In examples/basic_usage.py
, we give a short example of applying the HKRR algorithm on some synthetic data, summarized here.
# Generate some synthetic data
probs, labels, subgroups = generate_correlated_subgroup_data(n_samples=1000)
n_groups = len(subgroups)
# Hyperparams for HKRR predictor
hkrr_params = {
'alpha': 0.1, # Permitted subgroup calibration violation
'lambda': 0.1, # Prediction discretization granularity
'max_iter': 100, # Maximum num iterations (circuit depth)
'randomized': True, # Randomized subgroup ordering within each circuit level
'use_oracle': False, # Use of statistical query oracle (used mainly in theoretical analysis)
}
# Initialize and fit HKRR predictor
mcb = MulticalibrationPredictor('HKRR')
mcb.fit(probs, labels, subgroups, hkrr_params)

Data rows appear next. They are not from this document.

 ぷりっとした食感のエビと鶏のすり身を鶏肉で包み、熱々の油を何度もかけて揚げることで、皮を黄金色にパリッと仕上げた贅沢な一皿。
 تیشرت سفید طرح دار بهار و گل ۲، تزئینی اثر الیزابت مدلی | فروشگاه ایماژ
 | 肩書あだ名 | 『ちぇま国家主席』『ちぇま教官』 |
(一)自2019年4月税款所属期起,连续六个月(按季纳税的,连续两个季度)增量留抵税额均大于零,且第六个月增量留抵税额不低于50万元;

# Make predictions using HKRR
hkrr_probs = mcb.predict(probs, subgroups)
In the above code, probs
is a length n
array of a model's probabilistic predictions (e.g., prob[i]
gives confidence in [0,1] that the model believes datapoint i
should be classified with label 1
).
The labels
array is a length n
binary array with the true labels of each datapoint.

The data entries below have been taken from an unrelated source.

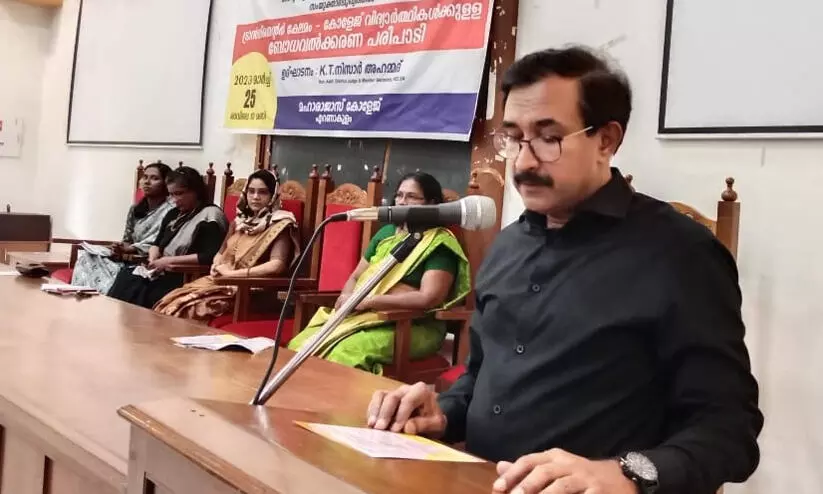 text_fieldsകൊച്ചി: ട്രാന്സ്ജെന്ഡര് സൗഹൃദപരമായ കേരളം വിഭാവനം ചെയ്യുക എന്ന ലക്ഷ്യത്തോടെ ട്രാന്സ്ജെന്ഡര് ക്ഷേമം എന്ന വിഷയത്തില് കോളജ് വിദ്യാര്ഥികൾക്ക് ബോധവത്കരണ ക്ലാസ് നടത്തി. അഡീഷണല് ജില്ലാ ജഡ്ജിയും കെല്സ(സംസ്ഥാന ലീഗല് സര്വീസസ് അതോറിട്ടി) മെമ്പര് സെക്രട്ടറിയുമായ കെ.ടി നിസാര് അഹമ്മദ് പരിപാടി ഉദ്ഘാടനം ചെയ്തു.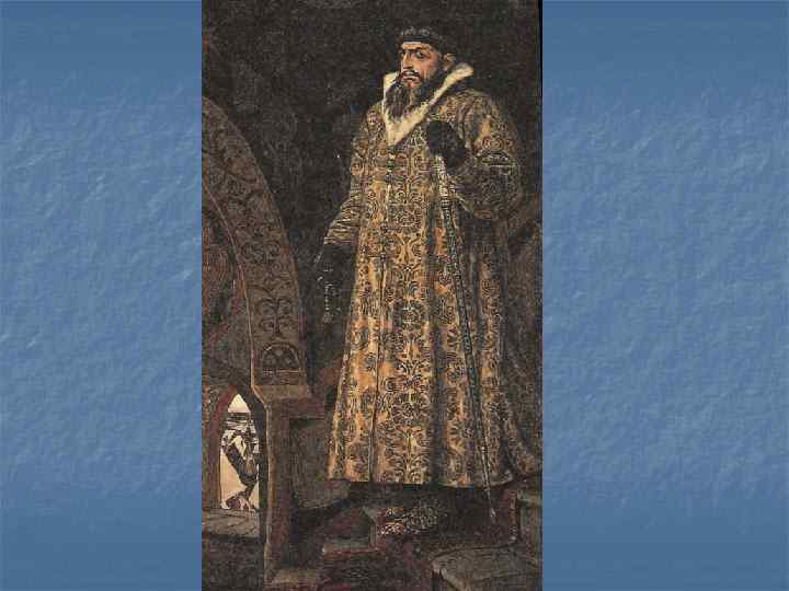 . Опричнина (1565 -1572 гг. ) Опричнина – основа политики царя Ивана IV (Грозного), включавшей разделение территории, землевладения и сословий феодалов, государственного аппарата и финансов на две части: опричнину (привилегированную часть) и земщину. В узком смысле опричнина – привилегированная часть государства. Служила орудием утверждения самодержавной власти царя. Представляла собой систему внутренних мер для борьбы с предполагаемой изменой. Была подчинена усилению личной власти Ивана IV Грозного, связана с преодолением удельной старины. Осуществлялась жесткими методами, террором. Опричная военная организация по приказу царя формировалась из дворян и детей боярских ( «избранная тысяча» ) и в начале насчитывала 1000 человек, а затем была увеличена до 6 тыс. человек.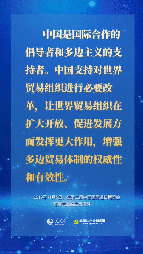 我们将坚定践行多边主义,维护以国际法为基础的国际秩序。中方愿同各国一道,秉持共商共建共享的全球治理观,坚定维护以联合国为核心的国际体系,坚定维护以世界贸易组织为核心的多边贸易体制。 对于经贸往来中出现的问题,各方都应该本着相互尊重的精神,通过平等对话协商,按照国际关系准则和多边贸易规则妥善处理,而不是动辄诉诸保护主义、单边主义。中国的这一立场,不仅是在维护各国的正当发展权利,也是在维护国际公平正义。

Most importantly, subgroups
is a length n_groups
(number of subgroups) array, where each index subgroups[j]
gives all indices of datapoints i
which belong to subgroup j
.
For example, if there were three datapoints and two groups, the following subgroups
array would represent that the first two datapoints (i=0,1
) belong to group one, and the second two datapoints (i=1,2
) belong to group two:
subgroups = [[0, 1], [1, 2]]
Multicalibration post-processing algorithms usually also take in a number of hyperparameters. One may want to select these hyperparameters using a hold-out validation set. We demonstrate a potential way of doing this in the file examples/hyperparameter_search.py
.
This file also serves as an example of applying multicailbration on real data from the US Census via the folktables package.

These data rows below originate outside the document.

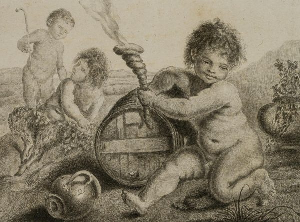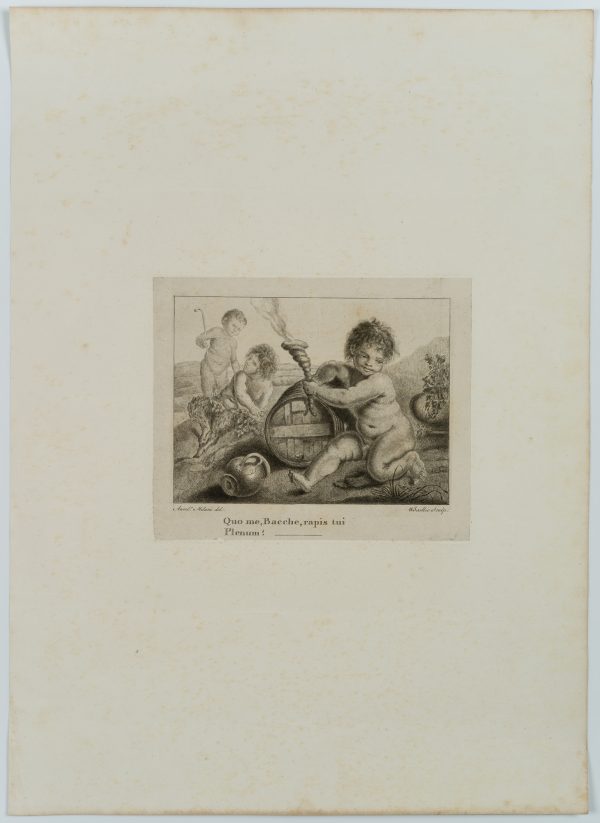 “Wohin, Bacchus, zerrst du mich Betrunkenen?”-Bachus als Cherub sitzt an ein Fass gelehnt, in seiner linken Hand eine gewundene Fackel nach oben haltend. Er lächelt und blickt nach rechts unten. Im Hintergrund ein Faun und Cherub mit gebogenem Stab; auf dem Boden im Vordergrund ein Krug; nach Milani. - Datierung: 1750
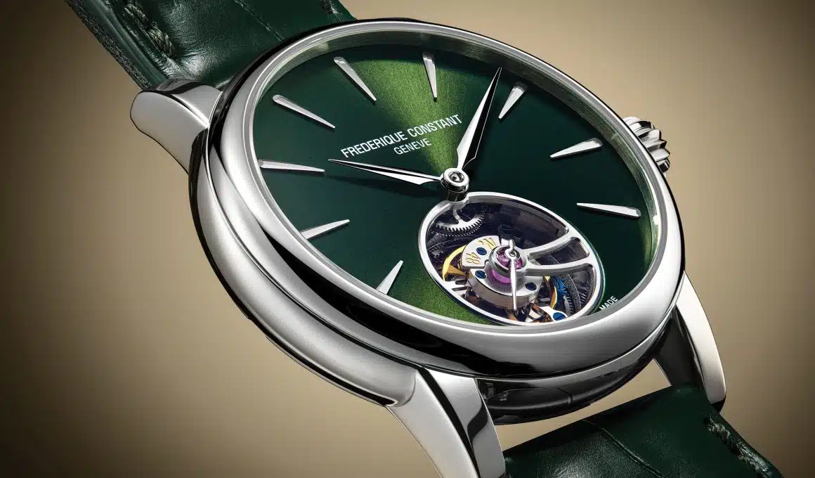 Frederique Constant apuesta por una caja de acero y una llamativa esfera verde para alojar un tourbillon de alta gama a precio muy asequible.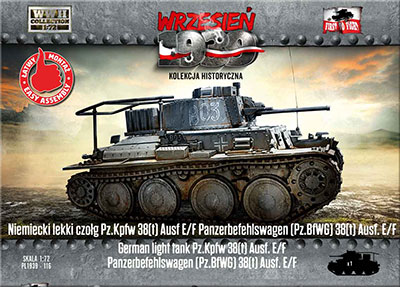 Panzerkampfwagen 38(t)は第二次世界大戦前に、チェコのチェコダ社が開発・製造した、軽戦車である。I号戦車とII号戦車が大半を占める、第二次世界大戦初期のドイツ軍において、信頼性の高い優秀な車輛であり、強力な長砲身の37 mm戦車砲を装備する本車は、未だ数の揃わないIII号戦車の代役として、主力車両の一角と言っても過言ではない存在感を示した。E / F型は車体・砲塔前面の装甲が50mm、側面30mmに強化された。これに伴い、段付きだった戦闘室前面装甲も直線的な一枚板へとデザインの変更が成されている。前面装甲の強化によりノーズヘビーとなったため、前部サスペンションのリーフスプリングの枚数を15枚に増やして対応している。E/F型は殆ど同じ仕様だが、後者には標準で車体後部に発煙筒入り装甲ボックスが追加され、マフラーの位置が上がっている。E型は1940年11月 - 1941年5月に275輌、F型は1941年5月 - 10月に250輌が生産された。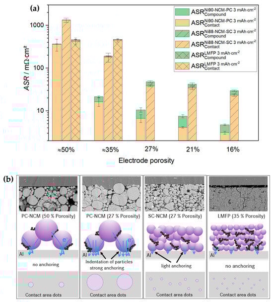(a) Impacts of different electrode porosities from results obtained from 46-point probe electronic resistance measurements. (b) SEM pictures and schematic representations of differences in particle–current collector contact, including the indication of the anchoring of NCM particles into the Al-CC. Please note that the gap between the Al-CC and LMFP coating is an artefact of sample preparation for the cross-section SEM.
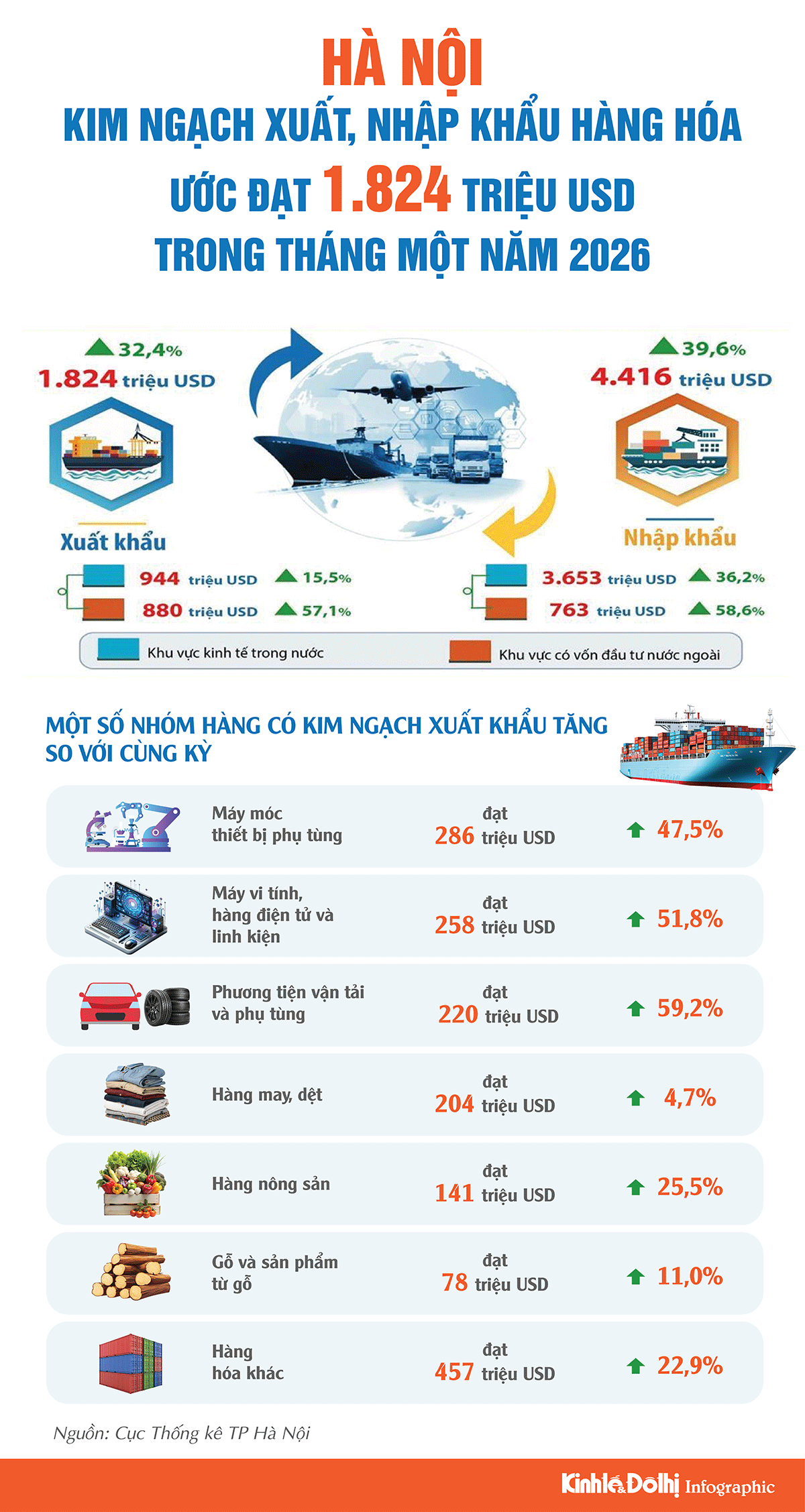 Kinhtedothi - Kim ngạch xuất khẩu hàng hóa Hà Nội tháng 1/2026 ước đạt 1.824 triệu USD, tăng ấn tượng 32,4% so với cùng kỳ năm 2025. Hoạt động xuất khẩu duy trì đà tăng trưởng cao, phản ánh nhu cầu sản xuất và tiêu dùng tăng mạnh ngay từ đầu năm, tạo nền tảng tăng trưởng vững chắc cho cả năm 2026…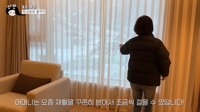 앞서 조씨는 이날 자신의 유튜브 채널에 15분여 분량 가족여행 영상을 올렸다. 강원 정선의 한 리조트에 도착한 정 전 교수는 숙소에서 ‘커텐을 걷어 달라’는 조씨의 말에 창가로 이동했고, 이 대목에서 조씨는 영상에 ‘어머니는 요즘 재활을 꾸준히 받아서 조금씩 걸을 수 있답니다’라는 설명 자막을 덧붙였다.
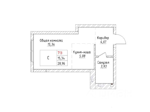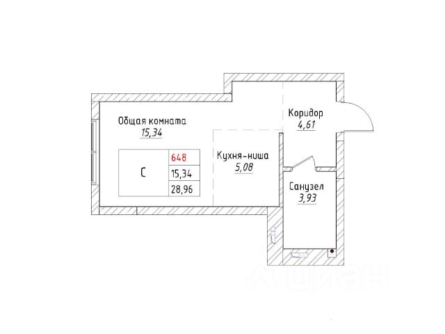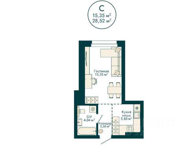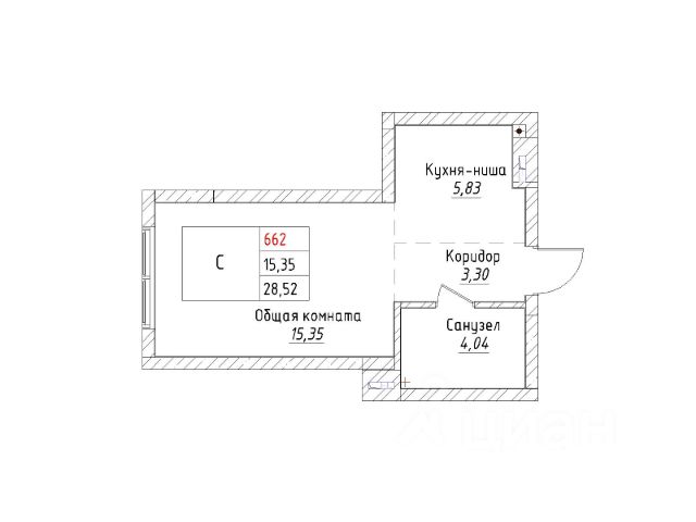 санузел совмещенный — 3,98 кв.м.

This package was developed as part of our work on the empirical aspects of multicalibration post-processing algorithms. We ask that you consider citing our paper here:
@article{hansen2024multicalibration,
title={When is Multicalibration Post-Processing Necessary?},
author={Hansen, Dutch and Devic, Siddartha and Nakkiran, Preetum and Sharan, Vatsal},
journal={Advances in Neural Information Processing Systems (Neurips)},
year={2024}
}
If you use the HKRR algorithm, we encourage you to cite the original multicalibration paper:
@inproceedings{hebert2018multicalibration,
title={Multicalibration: Calibration for the (computationally-identifiable) masses},
author={H{\'e}bert-Johnson, Ursula and Kim, Michael and Reingold, Omer and Rothblum, Guy},
booktitle={International Conference on Machine Learning},
pages={1939--1948},
year={2018},
organization={PMLR}
}
Finally, if you used the HJZ algorithm, please cite the authors work:
@article{haghtalab2024unifying,
title={A unifying perspective on multi-calibration: Game dynamics for multi-objective learning},
author={Haghtalab, Nika and Jordan, Michael and Zhao, Eric},
journal={Advances in Neural Information Processing Systems (Neurips)},
year={2023}
}
This repository is under the MIT license. Most of the original implementation work was done by Dutch Hansen as an undergraduate research assistant at the University of Southern California. This repository also uses Eric Zhao's implemention of HJZ taken from here (also on the MIT license). We sincerely thank Eric for help debugging and implementing the algorithm. The HKRR implementation is based in part on the implementation found here. We thank the original authors Saina Asani, Sana Tonekaboni, and Shuja Khalid. Unfortunately, we were not able to find a license for their work.
Thank you for your interest!
We plan to slowly incorporate additional multicalibration-style algorithms into this package, as we believe that practitioners stand to benefit from accessible implementations of these algorithms.
If you would like to help on this effort, please contact devic[at]usc.edu
. You may also want to install the package in editable mode via
git clone https://github.com/sid-devic/multicalibration.git
cd multicalibration/
pip install -e .
This will allow you to modify the source files without re-installing the package each time.